Here’s what I thought about this while implementing my stack-based language that lowers to MLIR.
Lots of compiled languages separate between l-values, and r-values. Where l-values are normally stored on stack, and r-values are treated as SSA value in LLVM IR. In MLIR, there wasn’t clear way of doing this, since there were no operations that can model these differences (except for memref, which are limited to representing tensor-like data).

Reason for doing this is l-value types can be used in other spaces throughout the program where stack is valid, and it’s easier to implement mutable variables, since they are stored on memory rather than SSA. Specific semantics will depend on the programming model, but it might not be a bad idea to provide interface for doing this in MLIR for someone who wants to implement these kind semantics.

Therefore, I would suggest we could extend this idea with l-value types. Where l-values are always stored on stack (stack.push operation in this example), and later optimized with mem2reg pass.

Suggestions

1. Make stack.push operation return !stack.lvalue<type> which would look like stack.push(%input) -> !stack.lvalue<type>
   • Instead of building !stack.stack as a type, it can be more natural to view stack as state of the program and make push return stack-allocated value, which could be accessed later as an l-value.
2. Let’s provide stack.push only, and make them pop automatically when scope ends.
   • We should only allow using them in region based operations with AutomaticAllocationScope
   • This would simplify need to pop stack-allocated data explicitly, reducing chance of memory leaks or segmentation faults.
3. Provide stack.lookup { offset : index } (%input) -> !stack.lvalue<type> operation which would return memory to the current stack frame.
   • This operation can lookup contents stored on stack, starting from the top. Offset would be static value since it would be converted from name of the variable in frontend-language, which are determined statically.
   • It’s quite natural for language compilers to lookup local variables by tracking offset on the stack, when we think about how they track local variables.
   • Maybe we can make stack.push to return nothing, and only allow compilers to access stack contents with this operation.
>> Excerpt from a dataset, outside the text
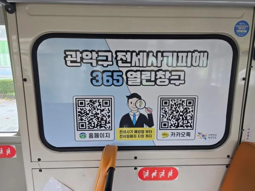 구는 전세사기 피해 예방과 지원을 위해 ‘1인가구 전월세 안심계약 도움서비스’와 ‘전세사기피해 365 열린창구’를 운영하고 있다. 관내 주요 7개 노선의 90대 지선버스에 광고를 게시했다. 주민들이 자주 이용하는 버스 내·외부에 광고물을 부착해 반복적인 노출을 통해 서비스 인지도를 높이고 전세 사기 피해를 사전에 예방하기 위함이다.
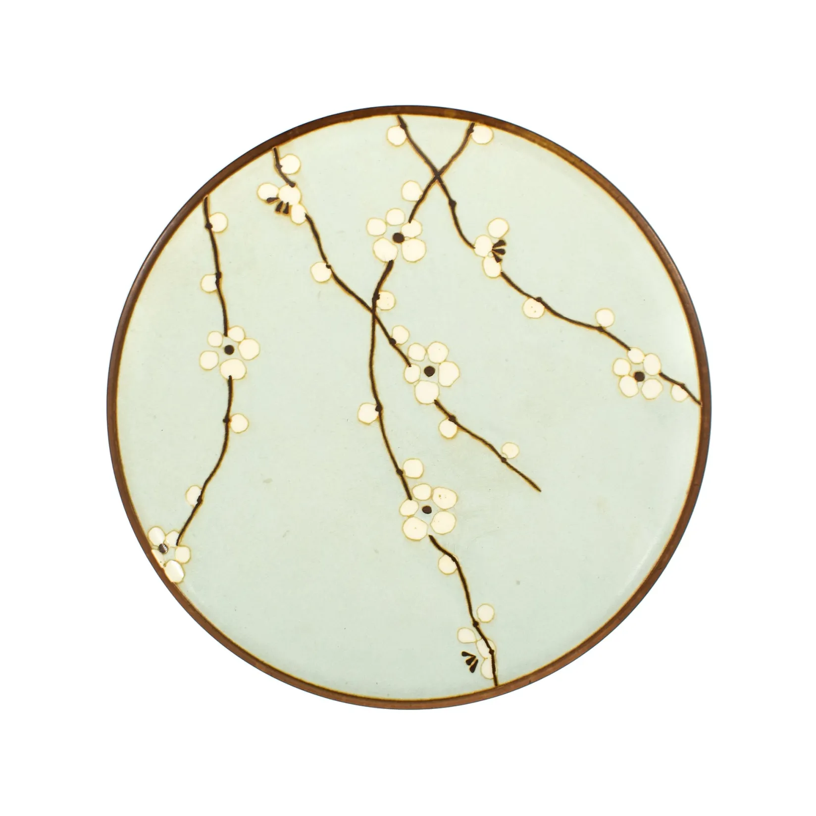 Attractive duck-egg blue stoneware plate decorated with a traditional Japanese sakura blossom pattern. The sakura blossom side plate is ideal for serving pickles and small salads as part of a spread of sharing dishes. Or use it for desserts such as yuzu panna cotta or sweet dumplings.

Examples (&interaction with other dialects)

Following code written in Rust can be compiled as follows

fn gcd(a: i32, b: i32) -> i32 {
    if b != 0 {
        let divided = a % b
        gcd(b, divided)
    } else {
        a
    }
}

Here is the interpretation of same program with MLIR using stack dialect.

func.func @gcd(%a : i32, %b : i32) -> (i32) {
  // push a and b on stack since they are l-values
  stack.push %a
  stack.push %b
  // Perform not equal operation for generating condition.
  // We need not push this on the stack since it's r-value
  %cond = "arith.cmpi"(%lhs, %rhs) {predicate = 1 : i64} : (i32, i32) -> i1

  %x = scf.if %cond -> (i32) {
    // Lookup value in the top of the stack, which is 'b'
    %b_lv = stack.lookup { offset = 0 }  
    // Lookup value in top - 1 of the stack, which is 'a'
    %a_lv = stack.lookup { offset = 1 }  
    %divided = arith.remsi %a_lv, %b_lv : i32

    // Push divided since it's l-value (let divided = ...)
    stack.push %divided
    // 'divided' is now in top of the stack. lookup the value.
    %divided_lv = stack.lookup { offset = 0 } : i32

    // Call the function
    %res = func.call @gcd(%b_lv, %divided_lv) -> i32
    scf.yield %res
  } else {
    // Lookup 'a' on the stack
    %a_lv = stack.lookup { offset = 1 }  
    scf.yield %a_lv
  }

// When scope ends, stack allocated values are automatically popped, by moving stack pointer in assembly.
return %x
}

This can be modeled quite naturally towards LLVM IR using llvm.alloca operation and llvm.load, llvm.store instructions, providing capability for lowering towards LLVM IR as rengolin suggested. While providing stack management capability that frabert tried to implement.

Example I gave may seem quite inefficient due to frequent memory loads and stores, but they could moved away with optimization passes, such as mem2reg later on.